Frederick Busch's novel War Babies is a short, powerful moral tale that sheds light upon the insidious nature of evil and the grip history holds on the lives of the seemingly protected innocent. Peter Santore, the narrator, is an American lawyer in his mid-thirties come to England to track down a certain Hilary Pennels, the daughter of a Korean War hero who died in a POW camp—the same camp in which Peter's own father turned traitor and whose informing became, perhaps, the cause of Hilary's father's death. Only Hilary's guardian, Fox—himself a survivor of the camp—can explain, if he will, the troubling past that haunts the now fully grown "war babies." As Frederick Busch's relentless narrative bears down upon this complexity of betrayals, the lines between exploiter and exploited become eerily blurred.

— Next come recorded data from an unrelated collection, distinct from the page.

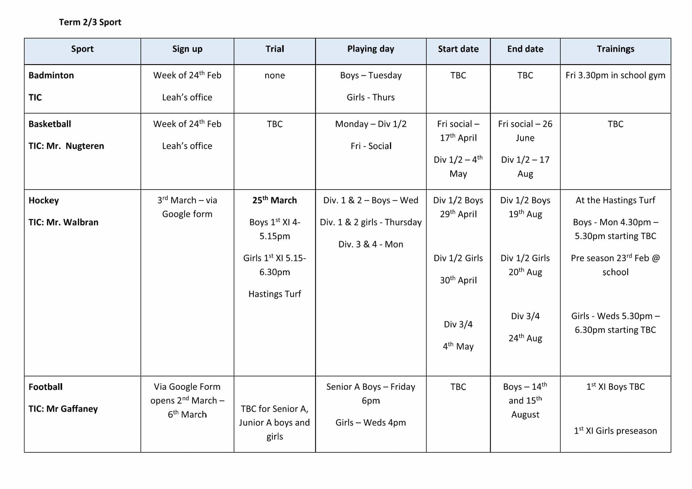 • Sports Calendar
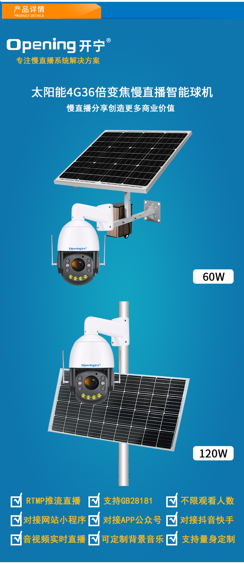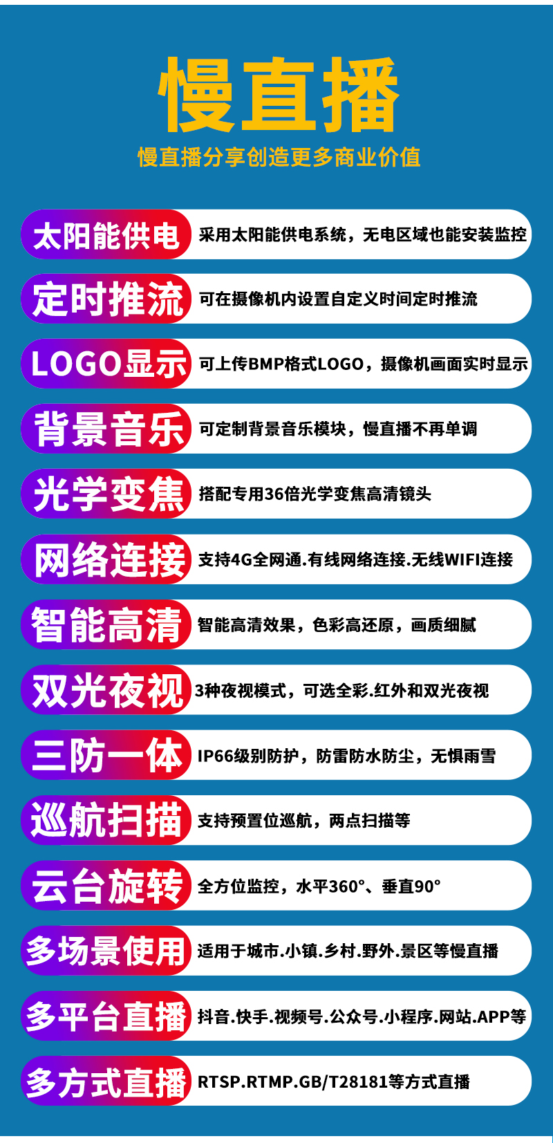 2、內(nèi)置智能4G模塊,沒有寬帶網(wǎng)絡(luò)的地方也能實現(xiàn)實時慢直播; 3、不僅可以監(jiān)控監(jiān)管錄像,還可以實時慢直播分享創(chuàng)造更多商業(yè)價值; 、4、美景中國.智慧景區(qū).城市慢直播.動物慢直播.融媒體慢直播.央視頻慢直播.戶外直播等慢直播;
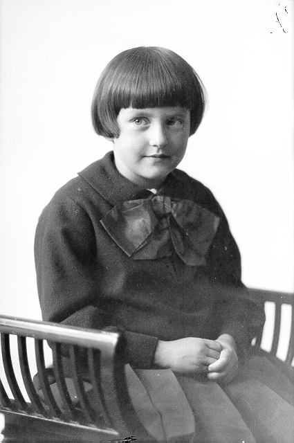 Jente, mørk genser og skjørt, sittende på stol, halvfigur
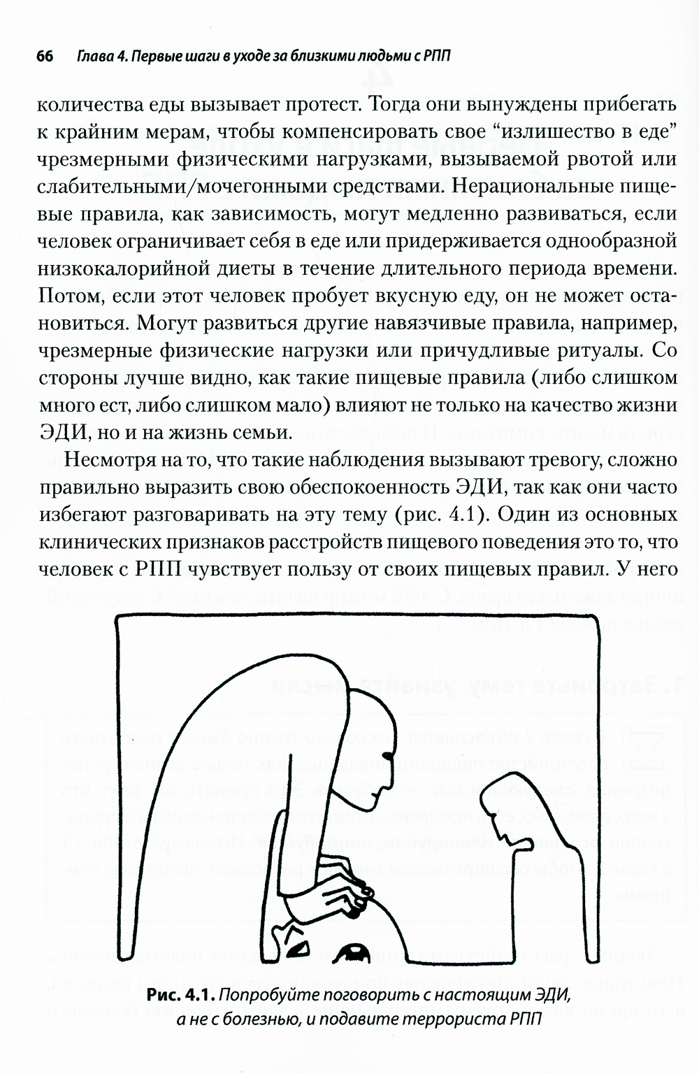 Симптомы расстройств пищевого поведения сильно влияют как на жизнь самих людей с РПП, так и на жизнь тех, кто о них заботится. Члены семьи сталкиваются с глубоким стрессом и напряжением, что означает, что их навыки эмоциональной регуляции также нарушаются. Это пособие предоставляет родственникам и профессионалам навыки и знания, необходимые для поддержки людей, страдающих расстройствами пищевого поведения, что в свою очередь поможет им освободиться от привычек, препятствующих выздоровлению. Книга базируется на комплексном подходе к уходу. В ней описаны подробные техники и стратегии, которые направлены на улучшение возможностей профессионалов и родственников оказывать поддержку своим близким.

Author Biography: Frederick Busch is the recipient of the 1991 PEN/Malamud Award for Excellence in Short Fiction, a National Jewish Book Award for Fiction, an Award in Literature from the National Academy and Institute of Arts and Letters, and the Woodrow Wilson, NEA, James Merrill and Guggenheim Awards. His novel The Night Inspector was a finalist for the PEN/Faulkner and the National Book Critics Circle Award. He is the Fairchild Professor of Literature at Colgate University, and has been the acting Director of the Writer's Workshop at the University of Iowa.

Publishers Weekly

National Academy and Institute of Arts and Letters Award-winner Busch ( Absent Friends ) here offers a short, gory Gothic novella centering on the goings-on of two fashionably thirtysomething lovers: Peter Santore, a dull-witted American lawyer who is in England trying to unearth information about his father (an American who, during the Korean War, turned informer); and Hilary Pennels, whose own father, a war hero, was perhaps betrayed by the elder Santore. Also figuring in the novel's none-too-plausible plot is a kinky former Sergeant-Major and Korean POW who, we are told at every opportunity, has rotting teeth, terrible breath and weepy eyes. He drinks, toasts ``absent friends'' and narrates war tales famous for their blood and guts. In this slim volume, Busch fails to reach his usual standard of imaginative pathos leavened by humor. Even his dialogue palls: remarks Pete of Vietnam War veterans, ``They had a really bad time,'' to which Hilary replies, ``Didn't we all.'' (Sept.)